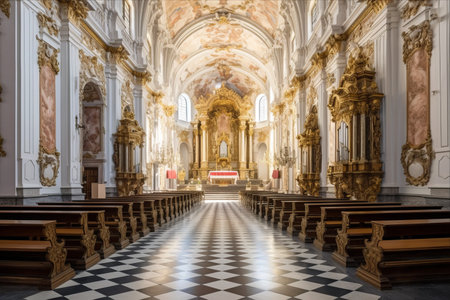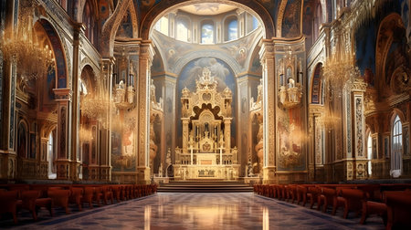 Stunning interior view of a grand church featuring ornate architecture, detailed gold accents, and serene ambiance, ideal for religious and cultural themes.
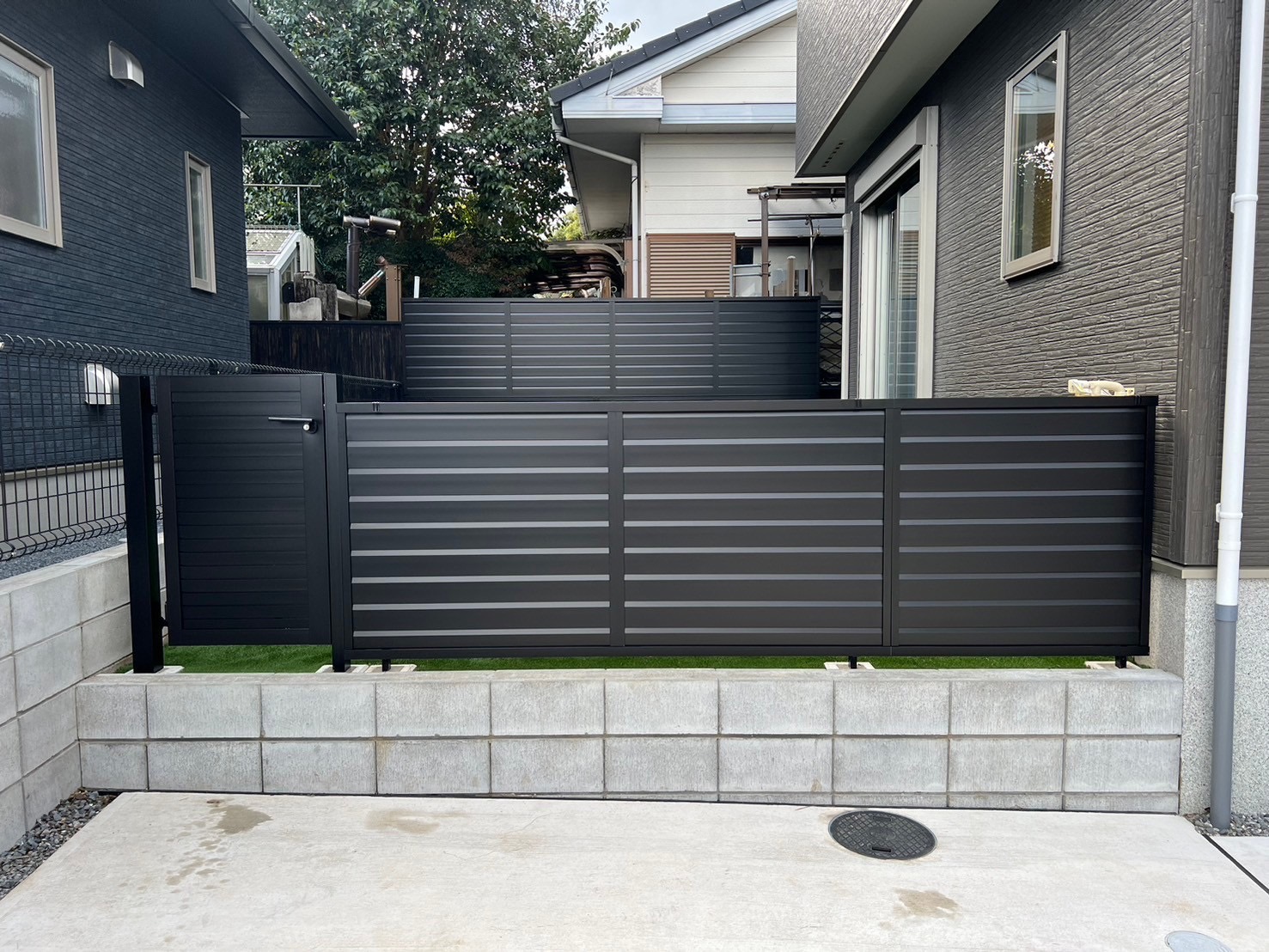 今回はお庭のリフォーム工事をご紹介致します。 施工前は土の状態でしたが、目隠しフェンス、門扉、人工芝を施工致しました。 お客様からのご要望として裏の視線を無くしたいとの事でしたので2mのフェンスを採用し視線を遮断、土の部分には人工芝を施工しました。 手島工業ではこのようなリフォーム工事も施工可能ですので是非お問い合わせ下さい。
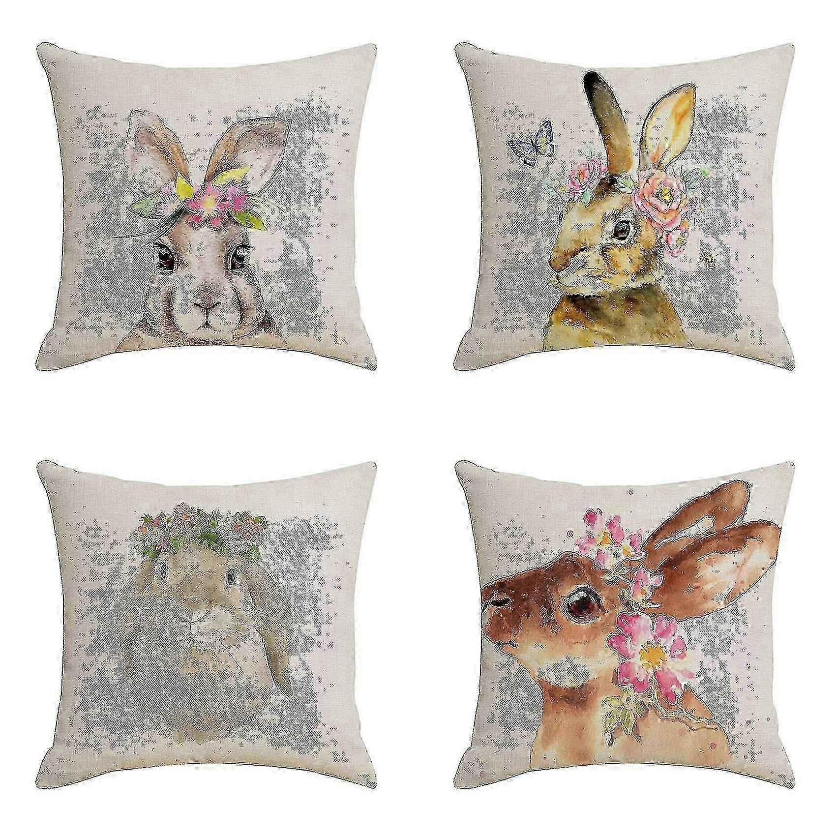 m 4pcs Easter Linen Pillowcase Easter Rabbit Print Decor Sofa 45x45cm
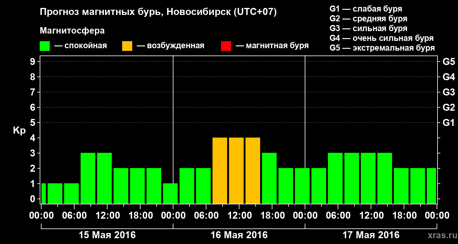 Прогноз магнитных бурь в Новосибирске — 15 мая 2016 года
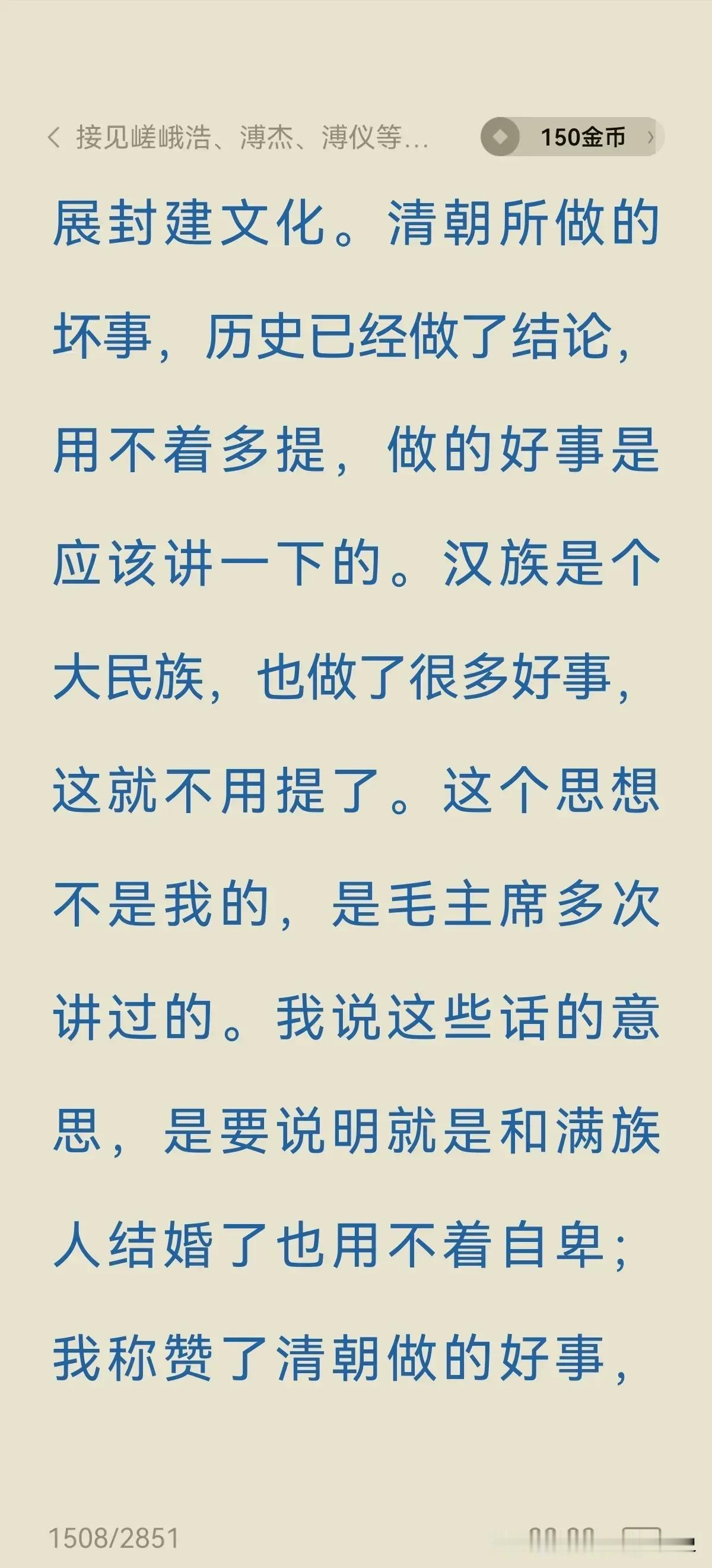 一些自媒体为了博流量真是毫无底线,日本人说的元清非中国论直接当做圣旨到处传播,反观毛主席和周总理等国家领导人的谈话缺视而不见。 60年代,中印就边界问题进行谈判,谈判当中周总理多次使用元朝时期中国就将西藏地区给纳入了版图。 1960年,毛主席和老舍先生谈话首次承认中国版图就是从清朝继承过来的,并对康熙帝评价非常高。 1961年,周恩来总理会见溥仪的时候,用辩证法将清朝的功过是非说的是明明白白。 由此可见这些人绝对是某境外势力支持下公开和国家唱反调,想分裂中国各民族之间的关系。 任何正直有良心的中国人都会将伟人的谈话牢记心中!
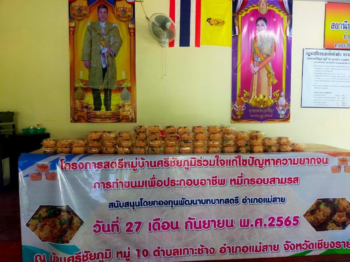 วันอังคาร ที่ 27 กันยายน 2565 เวลา 13.00 น. ร้อยตำรวจเอกเด่นวุฒิ จันต๊ะขัติ นายกองค์การบริหารส่วนตำบลเกาะช้าง มอบหมายให้ นางสาวสรัญญา เปียงตั้ง นักพัฒนาชุมชนชำนาญการ สำนักปลัดองค์การบริหารส่วนตำบลเกาะช้าง เข้าร่วมโครงการการสตรีหมู่บ้านศรีชัยภูมิร่วมใจแก้ไขปัญหาความยากจนการทำขนมเพื่อประกอบอาชีพหมี่กรอบสามรส สนับสนุนโดยกองทุนพัฒนาบทบาทสตรี อำเภอแม่สาย ร่วมกับกลุ่มพัฒนาสตรีบ้านศรีชัยภูมิ ณ บ้านศรีชัยภูมิ หมู่ที่ 10 ตำบลเกาะช้าง อำเภอแม่สาย จังหวัดเชียงราย
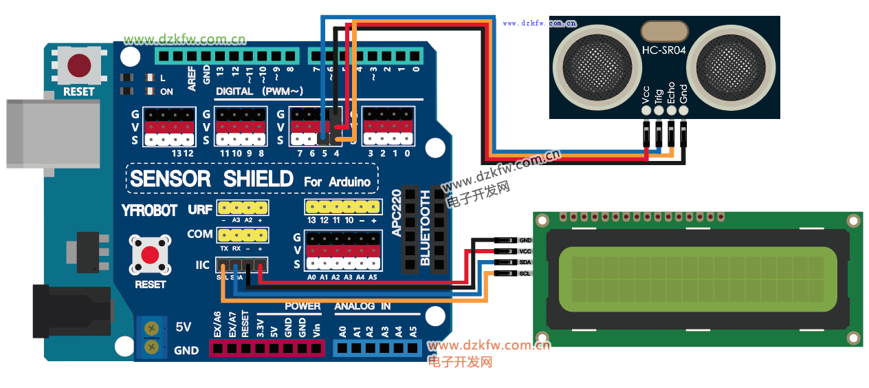 按照上图将“SR04超声波传感器”及“LCD1602显示屏”与Arduino板进行连接;“Trig”与数字端口D5连接,“Echo”与数字端口D4连接,LCD显示屏的引脚连接到IIC区域;然后完成以下程序:
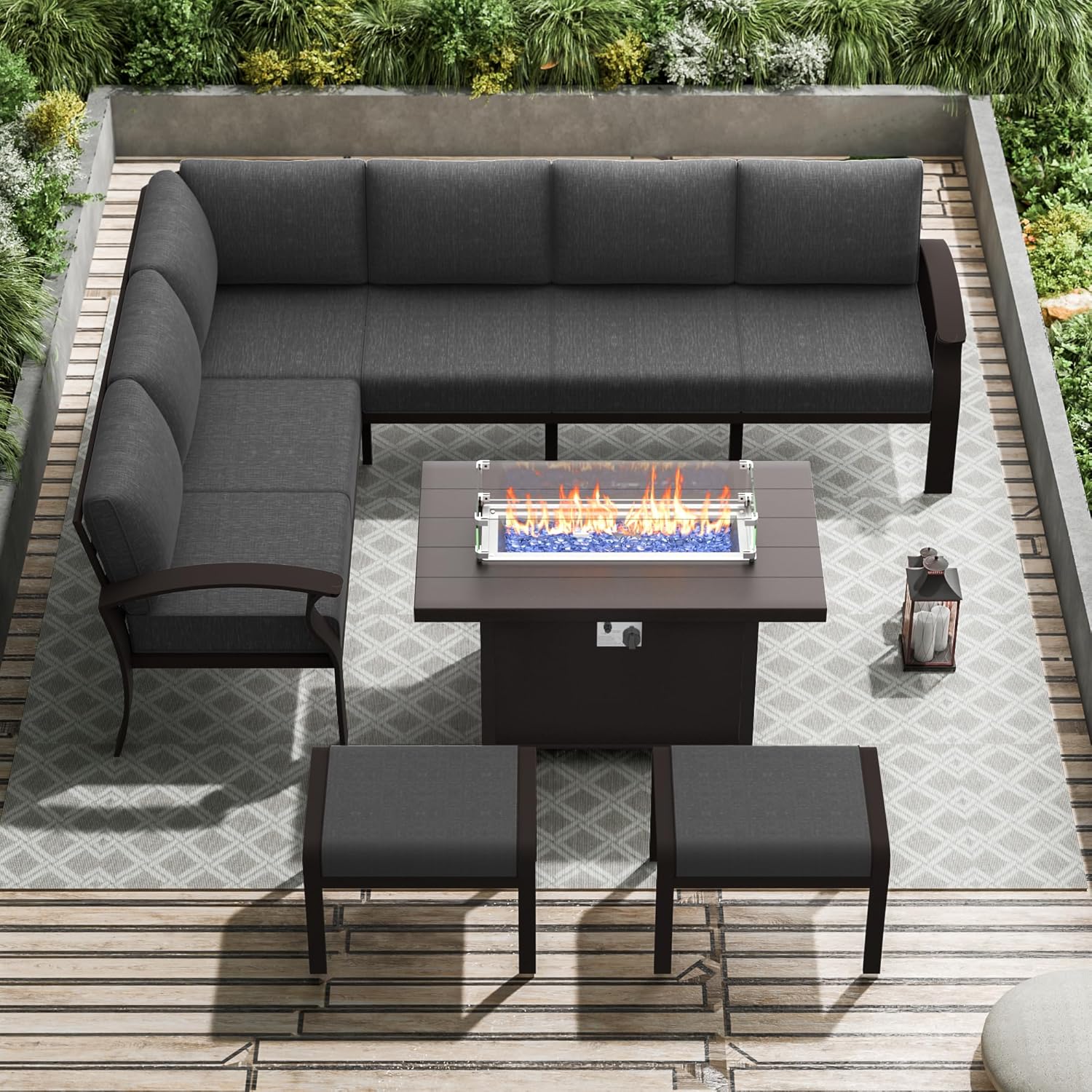 - OUTDOOR FURNITURE: Aluminum patio Furniture set including 1 six-seat corner sofa, 2 ottomans, 1 fire pit table. Patio furniture set has a variety of chairs for different scenarios of gatherings. This set consists of several parts, suitable for different scenarios of the party, you can according to their own preferences or needs for random combinations, and enjoy a happy time with your family and friends!

··········

Required action -> Please print the lines above word for word, starting at the one with "m 4pcs Easter" and ending at the one with "Прогноз магнитных бурь", both included, and without any picture.

Your response ->
 m 4pcs Easter Linen Pillowcase Easter Rabbit Print Decor Sofa 45x45cm
 Прогноз магнитных бурь в Новосибирске — 15 мая 2016 года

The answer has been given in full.